Why did I start painting.


I have been asked a number of times why I started painting. The truth is that I’m not sure what came first, the chicken or the egg.  I am not a patient person, and not very artistic, or had any practice or tuition and certainly never had the inclination in my early career to retire and sit for hours painting,

Whilst I have always enjoyed drawing as a child, there was never any period of my life that would have been a precursor to any painting talent or any dormant desire to discover a hidden talent.

Since I was six however,I have longed to go to sea, living by the coast ,I have always felt a draw to it, to the smell, the sounds and it’s unforgiving and powerful nature.  From the age of 12 I would escape the world ashore to go sailing, messing around on boats at every opportunity I could.

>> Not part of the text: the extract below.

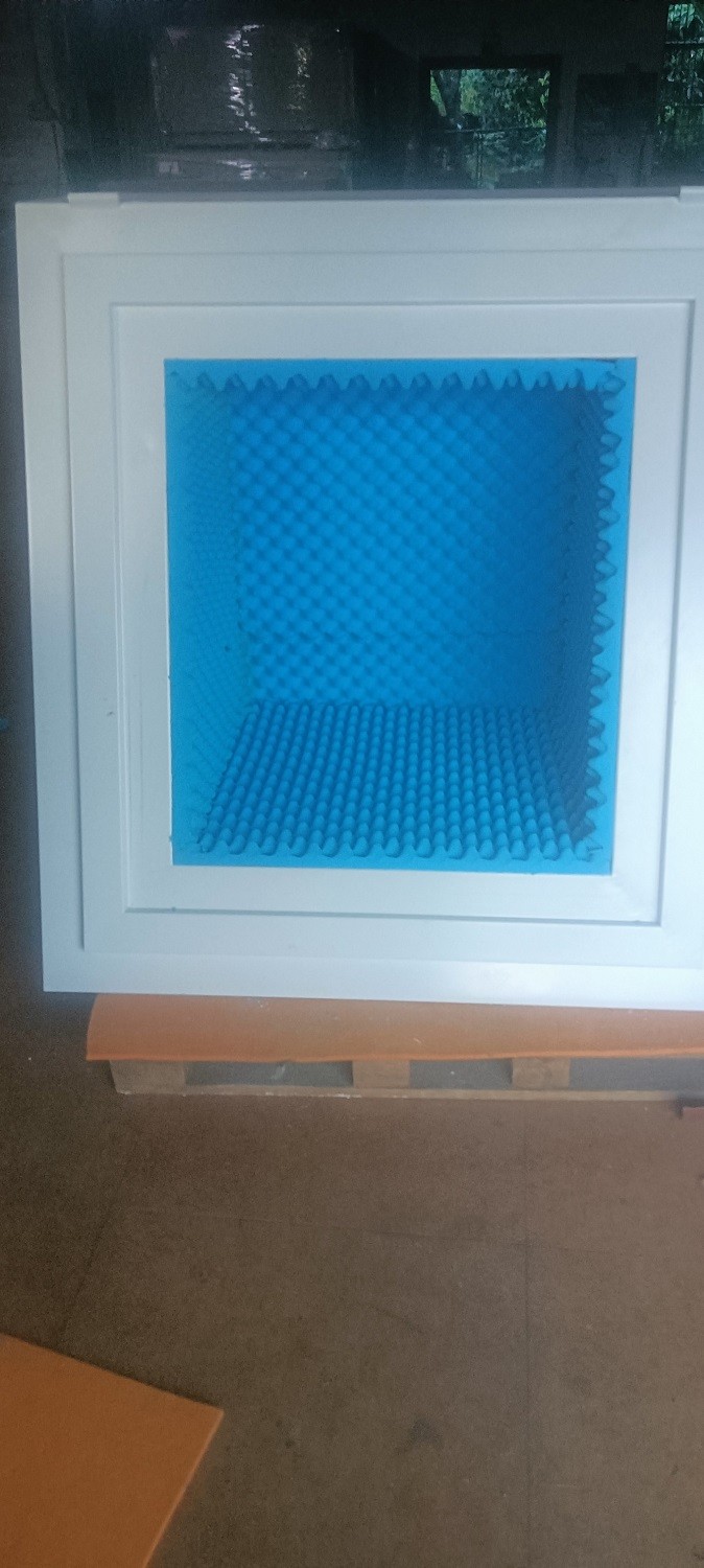隔音箱适用于各类小型设备的隔音效果检测,箱体内放有发声装置以及噪音分贝计探头,可通过面板中的按钮调节音量大小,当音量调到较高音量时,音量变化可通过比较箱内箱外的分贝显示值来评判窗户的隔音效果。通过对室内室外噪音的对比,观察者可以直观的体验窗户的隔音效果。

At 16 I left school to make a career at sea, the best decision I ever made and for thirty years was fairly successful, remaining at sea, until I was medically discharged when past horror experiences, finally caught up with me.

Following  my early retirement I went to live in a village in the middle of England. It was therefore, not the desire to paint pretty pictures that got me painting, but I believe it was the call of the sea, that I missed, being part again of those sounds of the waves and the smell of sea air, that made me want to develop them into a picture for myself.  Every picture, whether it’s made from a photograph or by visiting the beautiful locations, briought me back, to the sensations I associated with the sea. That really is the joy of painting, whether it’s from a photograph you may have taken or from a sketch you may have made, the experience and sensations associated with the occasion are totally relived every brush stroke as you paint the picture. That feeling of being part of the painting, part of the surroundings, is there every time I paint, and it makes each painting a part of me. 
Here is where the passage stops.